Она не обратила внимания на него, почитателя в загвазданной гимнастерке, в продранных на коленях брюках (единственных, других нет!). Проплыла мимо, не снизошла, по-царски.
– Ну, чего рот раскрыл! Берись! – прикрикнул Штука.
Они вдвоем подняли тяжелое кресло и понесли его вслед за юной царицей.

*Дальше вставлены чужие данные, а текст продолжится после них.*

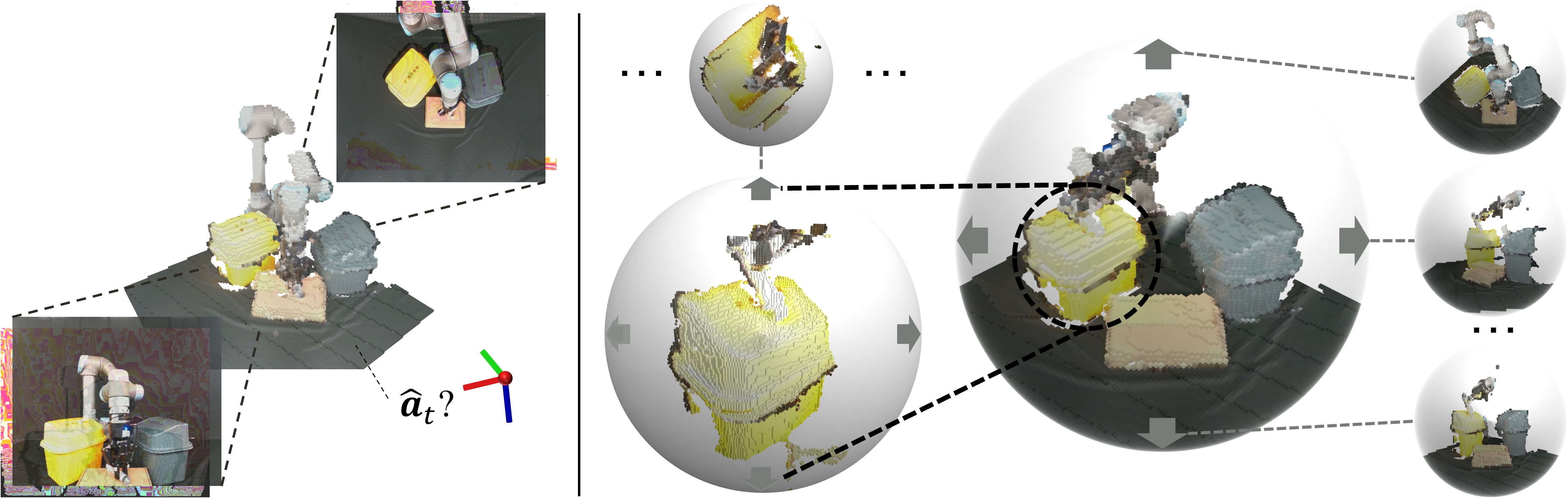传统机器人操作多依赖二维图像观测,难以捕捉三维空间中的物体结构、位置及姿态关系,导致精细化操作任务(如拔插、旋拧、堆叠)成功率低。虽然体素表示(Voxel Grid)能保留丰富的三维空间信息,但现有方法存在特征利用率低、动作预测分辨率不足等问题。人类在完成精细操作时,可通过灵活切换全局视野与局部聚焦,结合手部本体感知动态调整动作。受此启发,研究团队提出了一种“类人”的多模态感知到动作操作框架。

Белили потолок в первой комнате. Штука водил удочкой, Федор качал опрыскиватель. Пол, подоконник, тяжелый шкаф, который до поры до времени решили не шевелить, застланы старыми газетами. Пресновато-известковый запах разведенного мела; кажется, сам воздух мутен от побелки. А Матвей Иванович Штука поскрипывает среди грязи начищенными сапожками, и, если на сапоги капает капля побелки, Штука преспокойно прерывает работу, вынимает из кармана замызганного халата чистую тряпочку, снимает белую кляксу. Ни на минуту не смолкает его назидательный тенорок:
– Вот говорят – маляр. Маляр да сапожник – что цыган да барышник, одна компания. Сапожник пьет в стельку, маляр – в лоск. Вы вот, художники-мазилки, жучки охристые, поди, туда же – маляр для вас вроде сатаны. Знаем. Это от темноты, не учат вас разбираться, что к чему. Маляр как солнышко – где ни показался, там весело…
– Оно и видно, – усмехнулся Федор. – Как мы с тобой заявились, здесь сразу повеселело.

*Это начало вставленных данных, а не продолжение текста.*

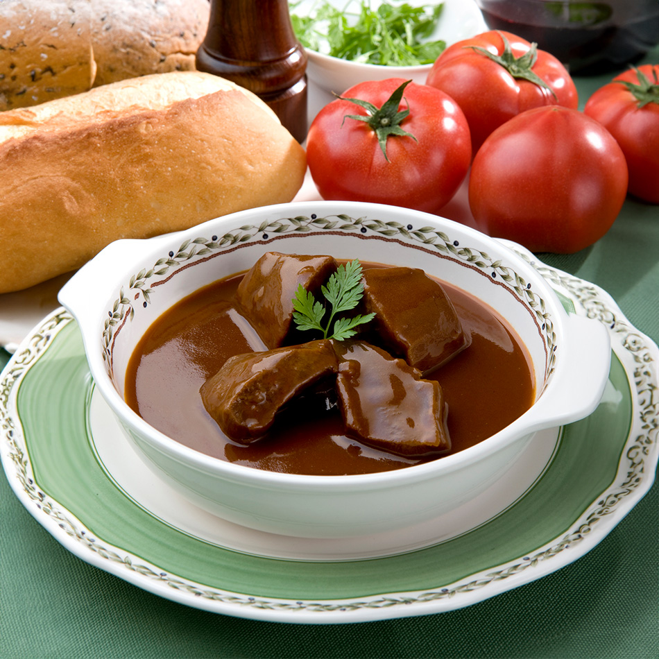 【原材料名】牛たん、たまねぎペースト、フォンドボー、小麦粉、りんごピューレー、砂糖、植物油脂、トマトペースト、トマトケチャップ、酵母エキス、たん白加水分解物、ビーフエキス、クリーム(乳製品)、バター、ワイン調整品、でん粉、香辛料、ワイン、pH調整剤、トレハロース、(原材料の一部に大豆、豚肉を含む)

– Пока нет, а уйдем – веселье после себя оставим. Маляр соберет кисти, и после него красота. Живи да радуйся… То-то, уважай. Полегше, полегше, не пожарный насос качаешь. Эк, вот опять обрызгал. Останови, почищусь…
Снова на свет божий появляется тряпочка, обтираются сапоги.
– Маляры-то добрые ныне вывелись. Мельчает маляр. Какая первая заповедь у маляра? Ай?.. Молчишь. То-то… А первая заповедь, брат, – аккуратность. Не махай кистью без толку. Обронил каплю ненароком, и все псу под хвост. Недаром говорится – капля дегтю бочку меда портит. Нынче маляр работает как последний скот – рыло в краске, зад в замазке, на одежде короста – тьфу, смотреть противно! А вторая, значит, заповедь: норовись, чтобы нравилось, заказчика слушай…
– Чужим умом живи, – подкинул Федор.
– Ум держи при себе, потому как не для себя работаешь. Ум хорош тогда, когда другому печенку не портит. Уважай человека. Ему жить средь твоей работы, не тебе, не порть ему радости своим норовом. Слушай и мотай на ус. Так-то…
– Ну а если видишь, он сам себе портит радость – по глупости, по незнанию?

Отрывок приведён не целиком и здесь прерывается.